Day 12- AI Engineering - Why RAG Systems Need Vector Databases

Day 12 — Why RAG Systems Need Vector Databases

AI Engineering — Day by Day
My journey to becoming an AI Engineer




After learning about embeddings and chunking, I reached an interesting point in my AI engineering journey.

I understood:

  • How text becomes vectors
  • How retrieval works semantically
  • Why chunking affects answer quality

But then a much bigger question appeared:

What happens when the system has thousands or millions of chunks?

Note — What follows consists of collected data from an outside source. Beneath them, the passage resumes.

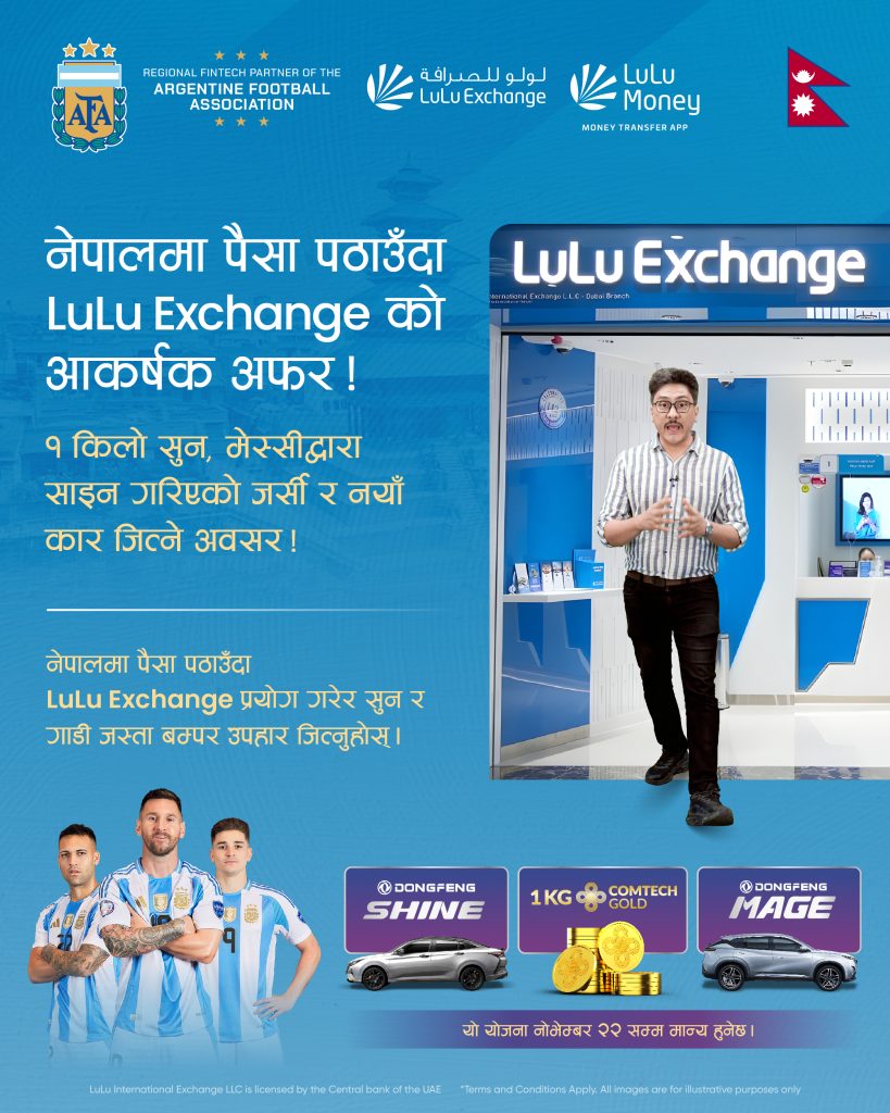 लुलु एक्सचेन्ज अफरः १ किलो सुन, मेस्सीद्वारा साइन गरिएको जर्सी र कार जित्ने अवसर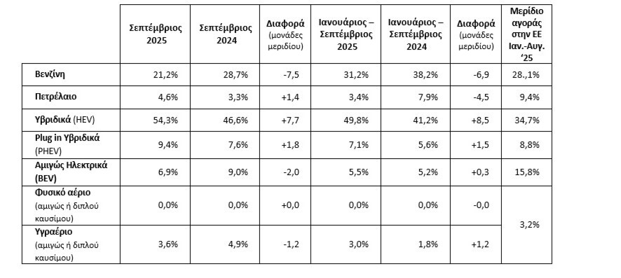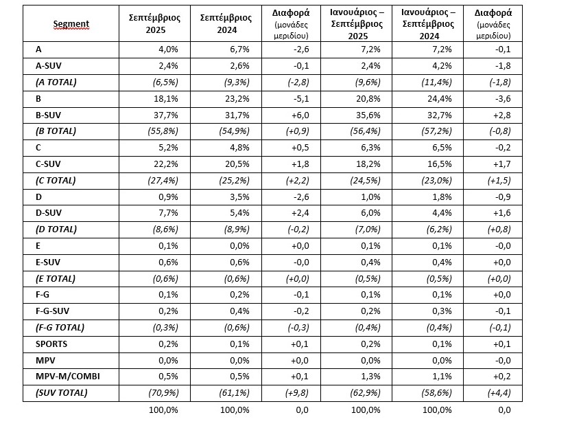 Σύμφωνα με πρώτους υπολογισμούς, η πρόοδος στα segments επιβατικών και στην κατανομή ανά καύσιμο, ως τον Σεπτέμβριο, έχει ως εξής: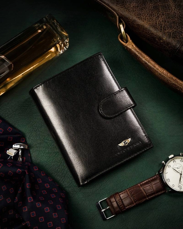 - Ponadczasowy fason dla Panów w każdym wieku | Portfel o klasycznej stylistyce. Model w orientacji pionowej z zapięciem zewnętrznym;

This is where I discovered:

Vector Databases


The Problem with Naive Retrieval

Initially, my retrieval pipeline looked something like this:


Query  
↓  
Generate embedding  
↓  
Compare against all embeddings  
↓  
Return closest match

This works perfectly for:

  • 5 chunks
  • 20 chunks
  • Small experiments

But it quickly breaks at scale.

Imagine:

100,000+ chunks

Now for every query:

  • The system compares against every vector
  • Latency increases
  • Memory usage grows
  • Performance drops significantly

At this point, I realized:

RAG systems need efficient retrieval infrastructure.

What is a Vector Database?

A vector database stores embeddings and performs efficient similarity search.

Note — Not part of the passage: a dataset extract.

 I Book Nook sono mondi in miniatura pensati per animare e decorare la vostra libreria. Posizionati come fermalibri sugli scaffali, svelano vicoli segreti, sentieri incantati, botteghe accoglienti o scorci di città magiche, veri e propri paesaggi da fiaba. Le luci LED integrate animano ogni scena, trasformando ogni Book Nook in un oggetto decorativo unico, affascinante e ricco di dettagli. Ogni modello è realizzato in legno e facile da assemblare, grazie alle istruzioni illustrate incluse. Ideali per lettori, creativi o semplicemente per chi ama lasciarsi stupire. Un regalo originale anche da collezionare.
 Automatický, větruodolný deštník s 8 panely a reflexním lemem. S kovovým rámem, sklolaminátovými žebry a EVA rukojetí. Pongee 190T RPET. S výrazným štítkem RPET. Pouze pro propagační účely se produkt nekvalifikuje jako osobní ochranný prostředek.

Traditional databases search using:

Exact values or keywords

Vector databases search using:

Semantic similarity

Then I thought whats the difference between traditional and vector db and using GenAI tool I have created below table.


Traditional Search vs Vector Search

Traditional Search Vector Search
Keyword matching Meaning matching
Exact terms Semantic similarity
"refund" "refund", "money back", "return"
String comparison Vector similarity

This difference completely changed how I think about retrieval systems.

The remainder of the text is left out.